A Bologna  sperava di suscitare entusiasmo per il suo gesto “tirannicida” ma l’accoglienza fu tiepida perché probabilmente i fuoriusciti non si fidavano di lui, temevano che fingesse. A Venezia, invece, fu accolto in modo caloroso, a cominciare da Filippo e Piero Strozzi, perché la notizia dell’assassinio era nel frattempo arrivata.

Intanto a Firenze, il potere mediceo era riuscito a reggere e per succedere ad Alessandro fu scelto  Cosimo, il figlio di Giovanni dalla Bande nere.
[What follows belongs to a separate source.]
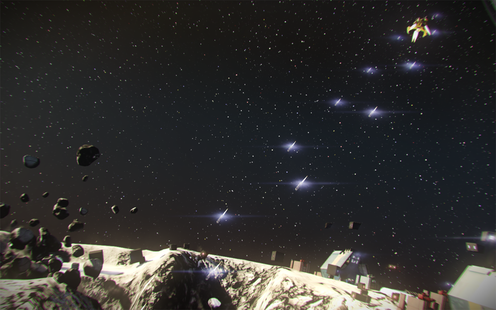 "Unlike many other games -- where their gameplay takes place on a fairly flat terrain, and sky ambient and the sun light direction is constant for a given time -- in Blackspace, the user can see both the daylight and the night side of the asteroid simultaneously. Compound that with the fact that the terrain is deformable over time in various ways, maintaining a pleasing look across the whole surface becomes fairly tricky. With any new lighting feature we add or change in the game, we double and triple check that it looks acceptable under all changing conditions."

Uno dei primo atti del nuovo duca fu proprio di adoperarsi per far arrestare il regicida.

Per sottrarsi alla cattura, Lorenzino andò a Istanbul ma gli inviati di Cosimo ne chiesero al Sultano l’estradizione. Allora si recò in Francia. Negli anni seguenti tornò in Italia per prendere contatti con i fuorusciti. Poi di nuovo a Parigi dove, per sfuggire ai sicari, si rifugiò in alcuni conventi, travestito da monaco. Ma ogni volta fu individuato da emissari di Cosimo o di Carlo V, che voleva giustiziare l’assassino del genero.

Alla fine, dopo otto anni di peregrinazioni, sconfortato, tornò a Venezia, dove, all’alba del 26 marzo 1548 mentre rincasava, fu pugnalato a morte da due sicari. Gli studi di Stefano Dall’Aglio esposti in  L’Assassino del Duca. Esilio e morte di Lorenzino de’ Medici, Olschki, Firenze 2011, hanno rivelato che i due agivano per conto dell’imperatore Carlo V e non di Cosimo come si era a lungo ipotizzato.

Resta da capire il movente dell’assassinio del duca. Lorenzino nei giorni  immediatamente successivi al clamoroso evento, scrisse un’ Apologia che fece circolare tra i fuorusciti  per spiegare che il suo gesto era scaturito dal desiderio di restituire a Firenze la libertà.  Benedetto Varchi osserva che l’attentato fu accuratamente preparato, eseguito con determinazione ma poi ,caso assai raro, nella storia dei delitti politici, era fuggito senza nemmeno tentare di sollevare la popolazione.

Ebbene, proprio la fuga precipitosa senza un tentativo di sollevazione popolare fa pensare che a spingere Lorenzino ci fosse un ulteriore motivo, di carattere privato: l’invidia del parente povero che, pur essendo più intelligente e più colto, deve stare al servizio del cugino più fortunato, subire il suo sarcasmo, le sue imposizioni, fino a non poterne più.

Ma si deve considerare l’ipotesi – la più accreditata dagli storici dell’epoca a cominciare da Benedetto Varchi,-che a sospingerlo fossa stato soprattutto il desiderio di un grande gesto che lo avrebbe reso famoso e ammirato come un tirannicida. E non si aspettava, certo, che sarebbe stato braccato per anni.

Merita, altresì rilevare che recenti studi hanno attenuato l’immagine fosca del duca Alessandro. Tirannico, certo, ma non più di altri governanti; anche la sua smania di conquiste sessuali sembra che sia stata enfatizzata dagli oppositori. Tra le premonizioni post factum ci furono anche quelle degli astrologhi. Ricorda Marcello Vannucci  (Newton Compton op.cit., 1984, p.160) che notarono una funesta  sequela di un numero, il 6. Aveva 26 anni, fu ucciso il 6 gennaio 1536 (secondo il calendario fiorentino l’anno terminava il 25 marzo) alle ore 6, con 6 pugnalate. Ma, in realtà, il delitto era avvenuto durante la notte (alle 6, forse era stato scoperto)  e il numero delle pugnalate non si è mai saputo.